The first commercially successful rolling cutter drill bit design was disclosed in U.S. patents granted to Howard R. Hughes, Sr. on August 10, 1909, and which led to the creation of what became the Hughes Tool Company. This bit employed two conical steel rolling elements with milled teeth that engaged the formation, when the device was rotated, to produce the cutting action. This design represented a significant improvement in drilling performance over the so-called "fish tail" scraper type bits commonly used in rotary drilling at the time, and over the next two decades, rotary drilling with rolling cutter bits largely replaced all other drilling methods in the oilfield. The significance of the Hughes Two-Cone Drill Bit was recognized on its 100th anniversary when it was designated a Historic Mechanical Engineering Landmark by the American Society of Mechanical Engineers.
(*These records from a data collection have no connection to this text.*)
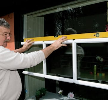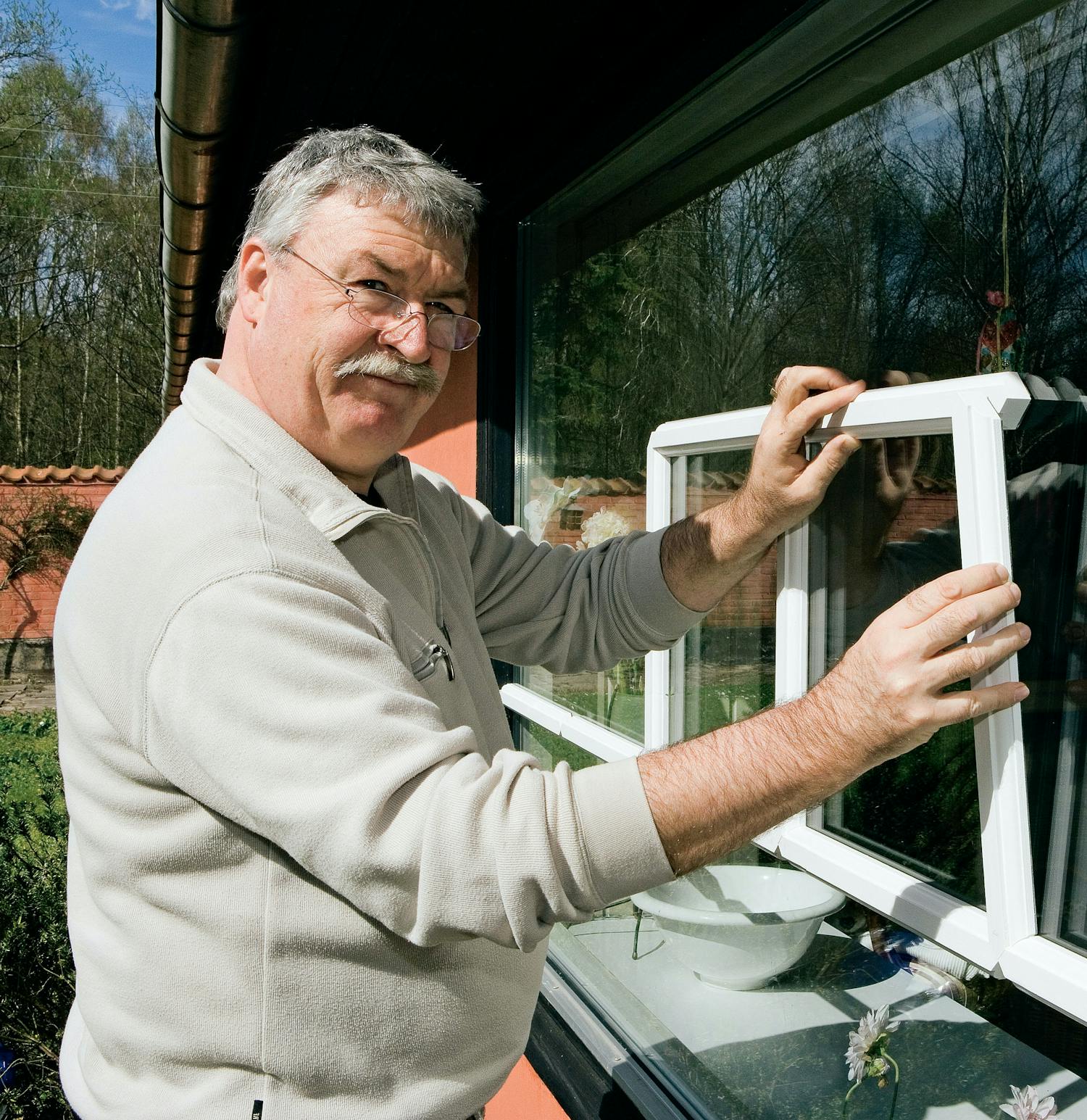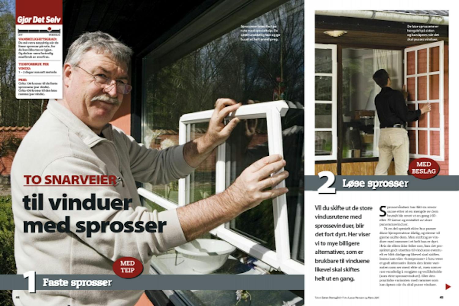 Denne utgaven av et sprossevindu lages med utgangspunkt i ei løs ramme som kan åpnes når vi skal pusse vinduer. Begynn med å måle nøyaktig opp vindus-flata mellom glasslistene. Sjekk høyde og bredde flere steder, og sjekk at hjørnene er vinkelrette. Pass på at du måler alle vin-duene, og tilpass rammene individuelt.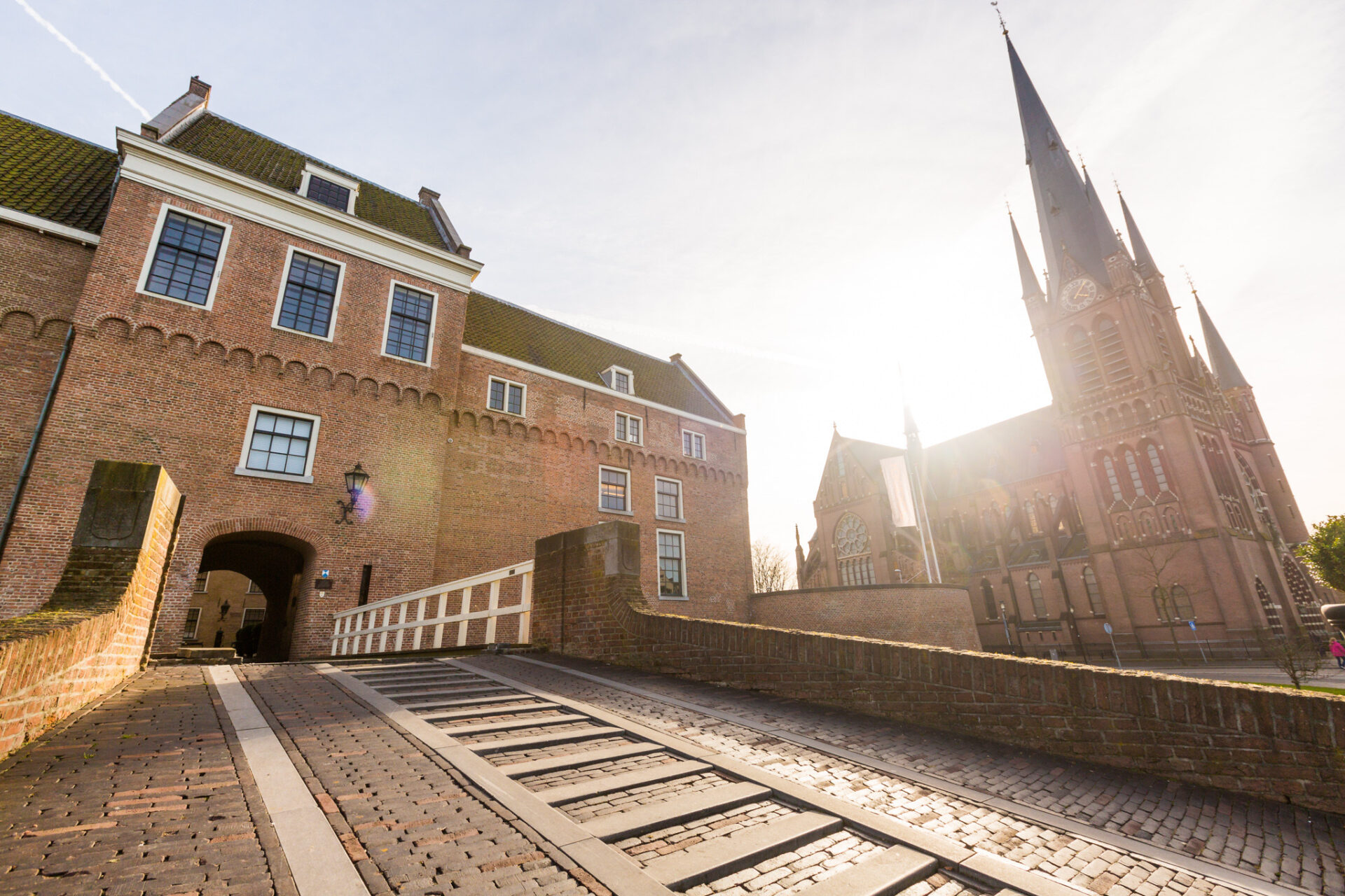Het Kasteel van Woerden is het meest imposante monument in Woerden Het Kasteel van Woerden is als burcht gebouwd door Hertog Jan van Beieren, heer van Woerden, in de jaren rond 1410. Het heeft een vierkante plattegrond, bestaande uit vier vleugels rond een binnenplaats. Op de hoeken bevinden zich ronde torens, waarvan er drie sterk zijn verlaagd, terwijl de vierde door een gevangenis is vervangen. Het kasteel was vroeger geheel door water omgeven en een ophaalbrug diende als toegang. In de loop van de jaren heeft het kasteel vele bestemmingen gehad. Onder andere huisvestte het verdedigingsbolwerk na de tachtigjarige oorlog lange tijd de baljuw van het land van Woerden en dijkgraaf van het Grootwaterschap van Woerden. In het jaar 1787 vergaderde er de Commissie van Defensie. Dit militair burgercomité (bestaande uit patriotse regenten) probeerde met behulp van vrijkorporisten en beroepsmilitairen het gewest Holland te verdedigen tegen aanvallen van de prinsgezinden. Het kasteel heeft eveneens vele jaren als gevangenis gediend. Van 1795- 1798 als staatsgevangenis, daarna tot 1800 als hospitaal voor Engelse en Russische soldaten. Tot 1811 stond het kasteel leeg en werd dan hospitaal voor Franse militairen tot 1812. In 1814 werd er een aantal Franse krijggevangenen opgesloten. Van 1818-1824 had het kasteel de bestemming van militaire strafgevangenis voor maximaal 450 personen. Daarna, van 1830- 1860, is het kasteel gevangenis voor “criminele manspersonen” en verblijven er wel eens meer dan 500 gevangenen. In 1861 wordt het gebouw gevangenis voor “criminele vrouwspersonen” onder andere in de bij de restauratie inmiddels gesloopte lage westvleugel (kerkzijde). In 1872 houdt Woerden op gevangenisstad te zijn. Het jaar daarop krijgt het kasteel met een aantal bijgebouwen de bestemming van “Centraal Magazijn van kleding en uitrusting” van het Ministerie van Oorlog. Ondanks allerlei naamswijzigingen die in het verleden hebben plaatsgehad, spreekt men in de volksmond nog steeds van “het magazijn”. Tot aan de huidige restauratie is deze bestemming van het kasteel gebleven, want in de loop der eeuwen heeft het gebouw vele verbouwingen en restauraties gekend. De voorvleugel is nog het best in tact gebleven. In 1887 restaureerde men de voorvleugel waarbij de al aanwezige pleisterlaag onaangetast bleef. Deze verdween na veel heen en weer geschrijf ten slotte tegelijk met het voor de voorvleugel nog aanwezige wachthuis in 1937. Tijdens de “magazijnperiode” werd de voorvleugel bewoond door de diverse commandanten, ook in de periode 1940-1945. Nadien werd het gebouw nog bewoond door een huisbewaarder en werd het vooral opslagplaats. In de jaren zeventig kwam een brede gedachtenwisseling op gang over de uiteindelijke bestemming van het gebouw, wat resulteerde in de oprichting van de “Stichting het Kasteel van Woerden” met als doel “het behouden, restaureren en exploiteren van het gebouw”. De Stichting Het Kasteel van Woerden verhuurt het kasteel aan de Stichting Vrienden van het Kasteel. Deze stichting verhuurt het Kasteel door aan Abrona en Restaurant Grand Kasteel. Abrona beheert in het Kasteel sinds november 2006 28 appartementen gerealiseerd voor mensen met een verstandelijke beperking.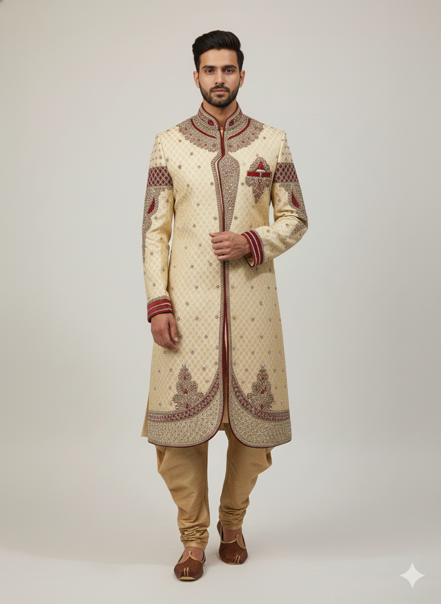38” Medium size Men’s Kurta Indian Ceam & Maroon Sherwani Bollywood outfit M13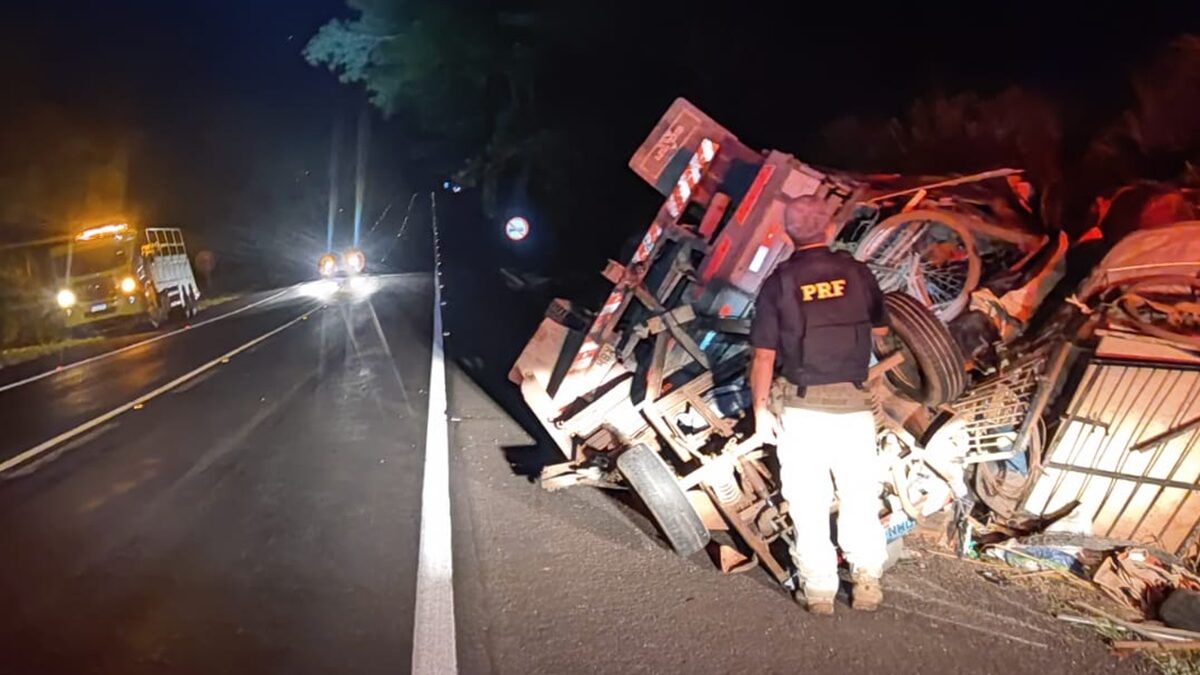 Caminhão com mudança capota na BR-153 em Jaraguá com idoso, mulher, criança e animais

Fixed cutter bits were the first type of drill bit employed in rotary drilling, and they are mechanically much simpler than rolling cutter bits. The cutting elements do not move relative to the bit; there is no need for bearings or lubrication. The most common cutting element in use today is the polycrystalline diamond cutter (PDC), a sintered tungsten carbide cylinder with one flat surface coated with a synthetic diamond material. The cutters are arranged on the blades of the bit in a staggered pattern with the diamond coated cutter surface facing the direction of bit rotation to provide full coverage of the borehole bottom. Other fixed cutter bits may employ natural industrial-grade diamonds or thermal stable polycrystalline diamond (TSP) cutting elements.
There is also currently available, a hybrid type of bit that combines both rolling cutter and fixed cutter elements.